My advice would be to be careful about heavy weight training. A hormone called Relaxin affects the stability of your joints, even in early pregnancy. Therefore I would advise that you follow an endurance weight training range. By that I would suggest that you are comfortably able to lift a weight 10-15 times, and comfortably do this for 3 sets. At the end of these reps and sets you should feel tired but not exhausted. If you cannot do this comfortably then you should reduce the weight until you can.
If you are considering continuing with PT during your pregnancy I would advise that the trainer in question held a recognised Ante/ Post Natal exercise qualification. Once again the REP’s website has a list of all trainers who hold this qualification.
I am 20 weeks pregnant and I'm struggling with how my my body is changing. I don't like to look in the mirror and feel blobby and low. I've read that exercise can help and if this is so, why and what should I be doing? Any advice would be appreciated.
Thank you for your email and honesty. I can assure you that not all women like the natural body changes that occur in pregnancy and exercise can greatly help you to have a more positive body image in pregnancy.
Execise during pregnancy is not only important physicalically to maintain a strong, fit and healthy body for you and baby.
But also psychologically by helping you view your changing body in a positive and healthy way.
Fitness also brings a sense of acheivement, connection with a more positive body image and a sense of taking control but in a healthy way.
Exercise boosts serotonin levesl; which are the bodies ‘happy hormones' and help naturally boost your mood and feel happier!!
So by exercising you will naturally be charging your body with extra serotonin and be more likely to feel better about your pregnant
body and life in general.
Exercise also encourages our body to release natural pain like hormones called Endorphins (taken from the name morphine)
which act as natural pain releif.
Therefore by exercising you are more likely to cope with the aches and niggly pains that pregnancy can bring.
Your also more likely then to be active and cope with the birth easier.
The best 2 exercises are cardiovascular and postural strength exercises.
CV exercise keeps weight gain to a healthy level and therefore promotes a better body image.
Walking outside in the sunshine/ fresh air is one of the easiest, most accessible and cost effective exercise you can do.
You can buy an inexpensive pedometer and track your step count to make it more fun!
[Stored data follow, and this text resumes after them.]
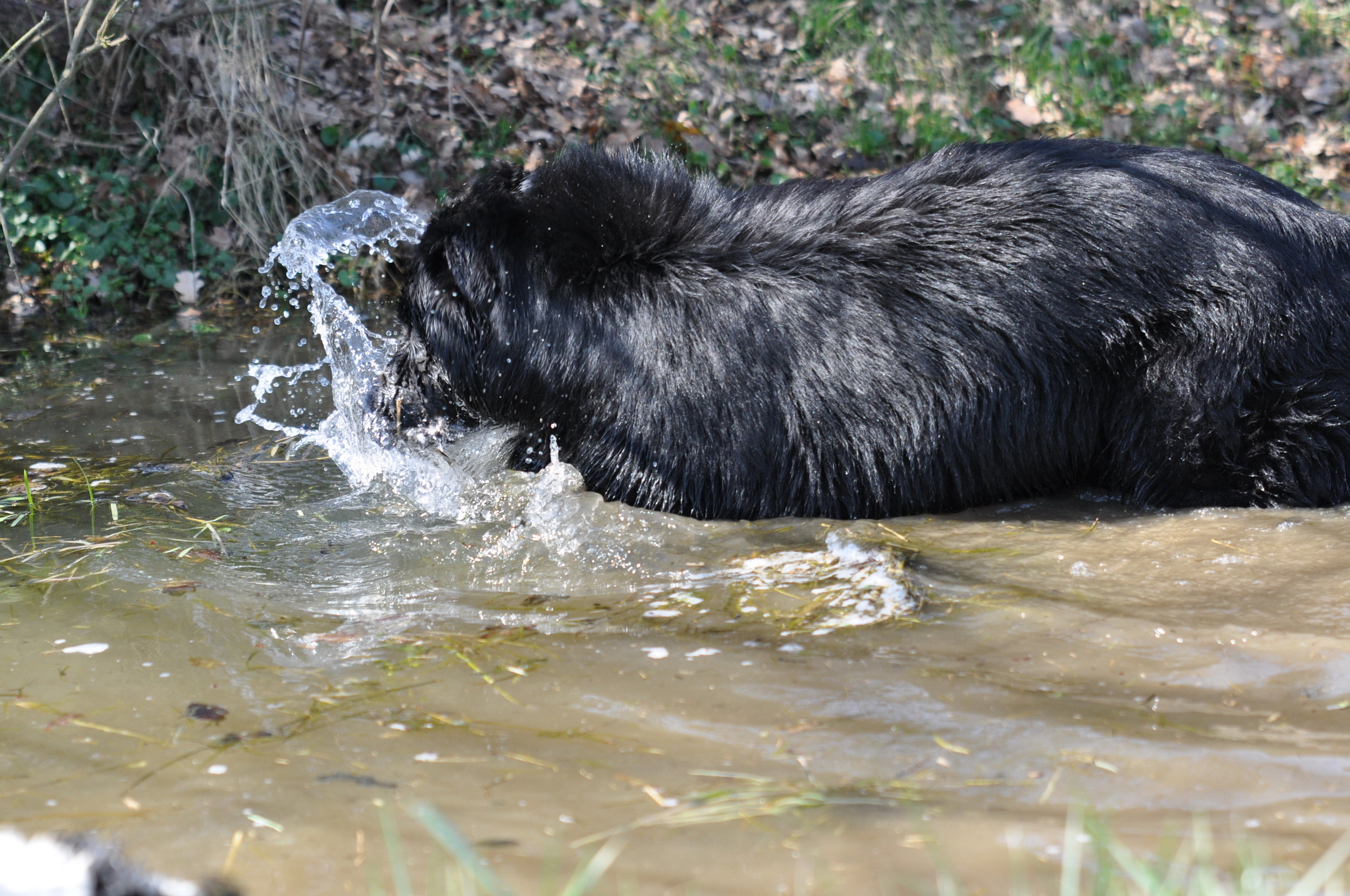 Merlin findet die Kälte einfach genial und das Eis in den Bächen hindert ihn nicht daran im restlichen Wasser ordentlich zu planschen. Vor dem Spaziergang sah er so aus...
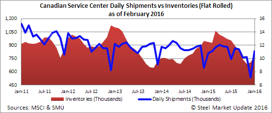 Canadian shipments for all steel products in the month of January were 389,700 net tons, an increase of 42.8 percent from the month before but a decrease of 4.0 percent from January 2015. Inventories at the end of the month stood at 1,250,200 tons, up 7.2 percent from last month but down 19.2 percent from the same month one year ago. The daily average receipt rate for January was 23,695 tons per day (20 day month), up from 13,595 tons per day the month before (21 day month). Total January receipts were 188,400 tons higher than the December figure. According to the MSCI, total steel product inventories stood at 3.2 months at the end of January, down from 4.3 months at the end of December.
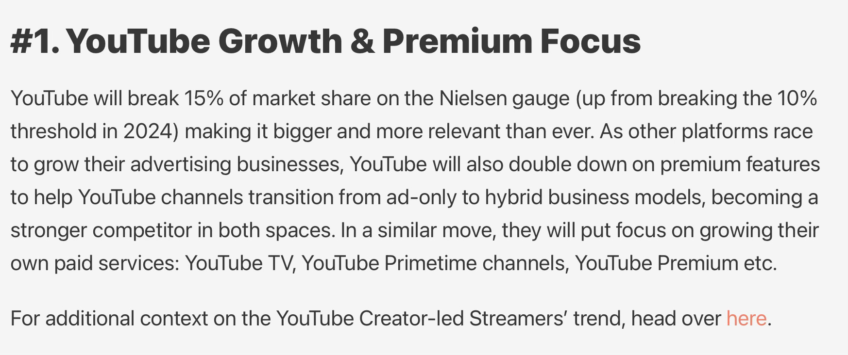 As for adding new premium features for channels transitioning from ad-only to hybrid models, YouTube expanded its Partner Program to include YouTube Shopping, Channel Memberships, YouTube BrandConnect to support branded content campaigns, and recently the YouTube Activation Partners program which connects advertisers with specialised agencies.
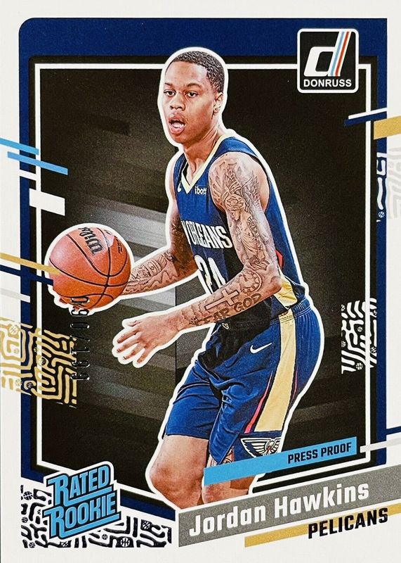 The Jordan Hawkins 2023 Donruss #219 Press Proof Purple /199 Rookie card in Raw condition has not changed in price in the last 30 days and was last sold for $1.25 .

Aim for at least 10,000 steps a day.
Walking outside also boosts melatonin levels which are also associated with lifting your mood.
Postural strength exercises include exercises which are going to work your back and core muscles and help your body adapt
to the strains of pregnancy.
Your body will look and feel stronger and more balanced.
And you will feel more confident about how you carry yourself and move in pregnancy.
On the ‘duvet' days when you feel low and ‘blobby' and just can't motivate yourself to exercise; rather than berate yourself
simply be your own best friend and be kind to yourself.
Do some gentle stretching exercises followed by a body treat such as a bubble bath or manicure. BUT commit to doing something more active the next day! Don't slip into a cycle of not exercising.
Even though you may not feel like it, after exercising you will feel happier, have more energy and feel a sense of acievement and pride.
There is absolutely no doubt that exerice has a massive positive influence on a womenns journey through pregnancy both physically and emotionally.
In my opinion exercise is a womens essential tool to having a positive, fit and happy pregnancy.
So invest in yourself and follow the exercise advice within BloomingFit.
I would like some advice regarding exercise and early pregnancy. I am just over 5 weeks pregnant but have had a miscarriage in the past. I have recently joined a gym and was keen to do a selection of cardio classes - I am happy to stop these, but would like to know if it would be ok to swim and do some gentle free weights and perhaps pilates?
Many thanks Nicola
Firstly congratulations and thank you for your email to BloomingFit. Early pregnancy can be an anxious time and you are right to seek specialist advice regarding exercise given your history.
There are guidelines that are meant to guide us fitness professional set by RCOG (Royal college of Obstetrician & Gynaecologist)
Within these guidelines it is advised that if a woman has had a previous miscarriage then no ‘active exercise' should be undertaken until after 12 weeks of her current pregnancy.
The most ‘critical' time for miscarriage is up to 12 weeks and the guideline is to help minimize any risk, although I must point out that there has been no researched link between exercise and miscarriage.
Therefore my advice would be as follows:
- Firstly check with your midwife/ GP that you are fit and well with no complications
- Keep to gentle and non impact activity such as walking, swimming, stationery cycling but keep the intensity very low. Always listen to you body and stop if there are any complications (such as pain or any bleeding and see your midwife immediately)
- I would advise that you do not do weights until after 12 weeks and also no cardio classes. The problem with Classes is that you tend to get ‘swept up' with the group and be more likely to push the intensity and work harder than normal.
- If you have done pilates recently before pregnancy, I see no reason to stop. However if you have not done any pilates then please wait until after 12 weeks and make sure you inform your class instructor how many weeks pregnant and any complications. Although Pilates can seem ‘gentle' some of the moves are quite taxing on the core muscles if you haven't done them before.
I know this may seem a bit strict/ restrictive however try to remember it is only 6 weeks to follow these guidelines, and if there are no complication then you can increase your exercises.
After 12 weeks please feel free to email me again and I can help you plan a more active gym programme
Hi all, this is my first pregnany and I am currently 13 weeks+3 days.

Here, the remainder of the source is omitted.